When you reach the line containing "2015年9月19日在上海市", begin reproducing the material exactly, stop after the line containing "Se encuentra en", and leave out any pictures along the way.
*** Data to process ***
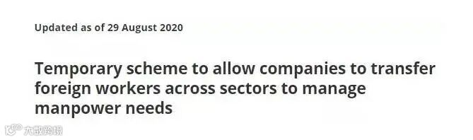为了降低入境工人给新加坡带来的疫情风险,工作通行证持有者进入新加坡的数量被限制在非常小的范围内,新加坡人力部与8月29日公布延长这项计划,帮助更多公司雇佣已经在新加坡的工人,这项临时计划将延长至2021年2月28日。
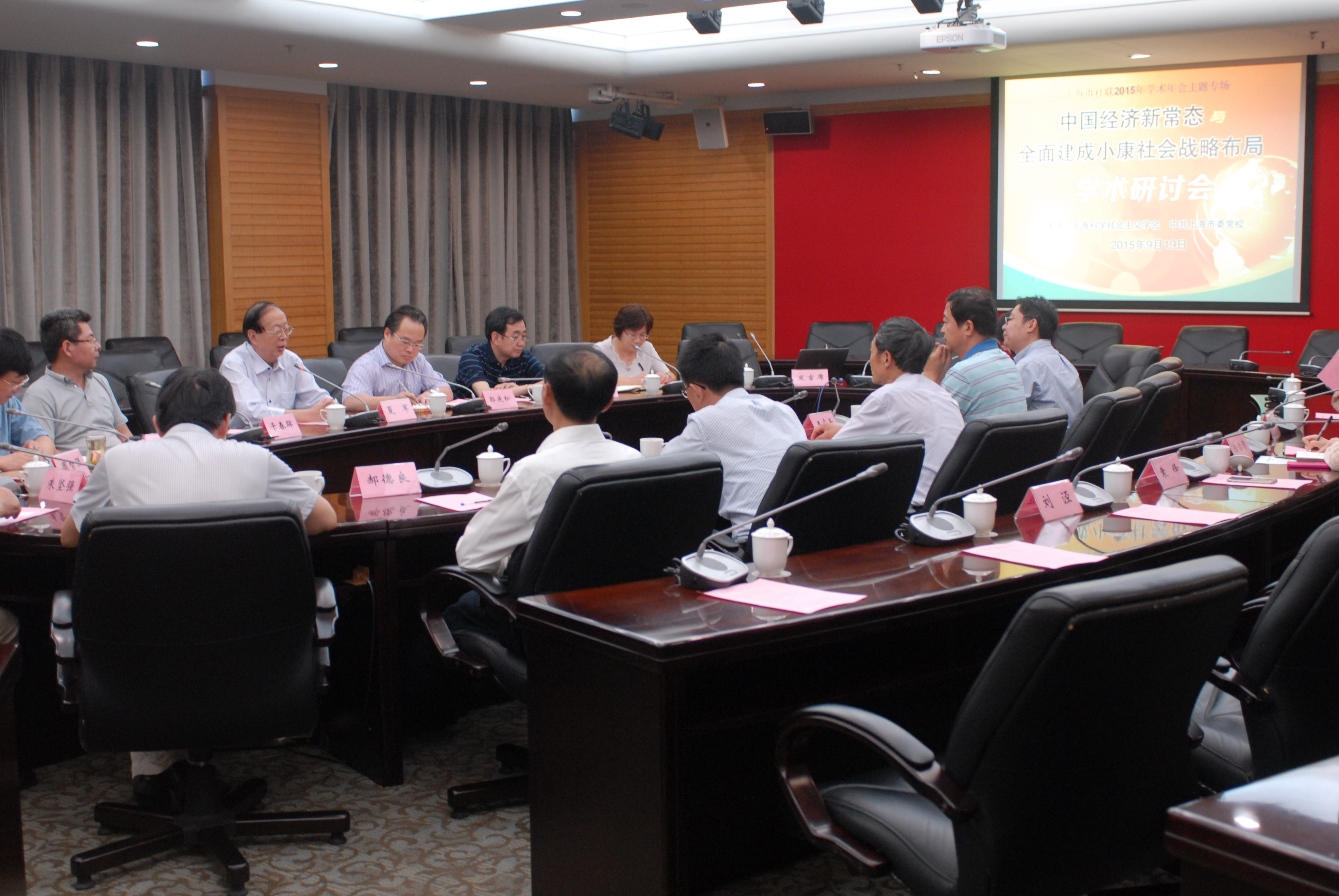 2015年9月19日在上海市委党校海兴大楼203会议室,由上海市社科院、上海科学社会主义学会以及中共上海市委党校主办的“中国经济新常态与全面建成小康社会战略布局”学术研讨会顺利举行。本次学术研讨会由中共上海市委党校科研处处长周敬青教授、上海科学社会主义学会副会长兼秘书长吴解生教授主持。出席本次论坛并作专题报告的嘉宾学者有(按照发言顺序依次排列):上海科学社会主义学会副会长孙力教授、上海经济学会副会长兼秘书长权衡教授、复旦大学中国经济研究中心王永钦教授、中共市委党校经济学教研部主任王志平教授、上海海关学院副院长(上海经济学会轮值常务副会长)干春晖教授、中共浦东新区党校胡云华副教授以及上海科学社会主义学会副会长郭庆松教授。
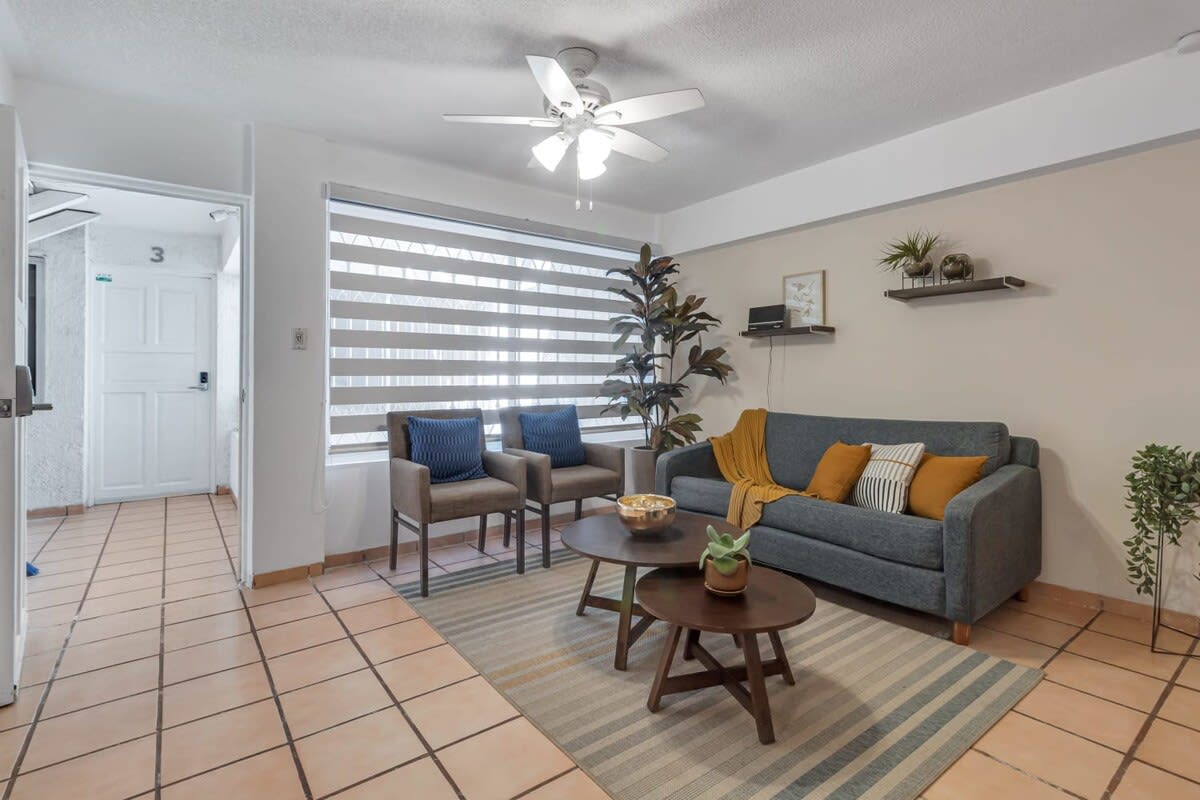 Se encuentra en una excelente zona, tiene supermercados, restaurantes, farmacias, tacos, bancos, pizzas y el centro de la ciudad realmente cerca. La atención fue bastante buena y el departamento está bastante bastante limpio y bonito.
*** End of Data to process ***
*** Data to process ***
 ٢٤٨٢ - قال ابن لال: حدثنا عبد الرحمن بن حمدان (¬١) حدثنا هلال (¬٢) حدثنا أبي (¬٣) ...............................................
*** End of Data to process ***
• [Written response]
 2015年9月19日在上海市委党校海兴大楼203会议室,由上海市社科院、上海科学社会主义学会以及中共上海市委党校主办的“中国经济新常态与全面建成小康社会战略布局”学术研讨会顺利举行。本次学术研讨会由中共上海市委党校科研处处长周敬青教授、上海科学社会主义学会副会长兼秘书长吴解生教授主持。出席本次论坛并作专题报告的嘉宾学者有(按照发言顺序依次排列):上海科学社会主义学会副会长孙力教授、上海经济学会副会长兼秘书长权衡教授、复旦大学中国经济研究中心王永钦教授、中共市委党校经济学教研部主任王志平教授、上海海关学院副院长(上海经济学会轮值常务副会长)干春晖教授、中共浦东新区党校胡云华副教授以及上海科学社会主义学会副会长郭庆松教授。
 Se encuentra en una excelente zona, tiene supermercados, restaurantes, farmacias, tacos, bancos, pizzas y el centro de la ciudad realmente cerca. La atención fue bastante buena y el departamento está bastante bastante limpio y bonito.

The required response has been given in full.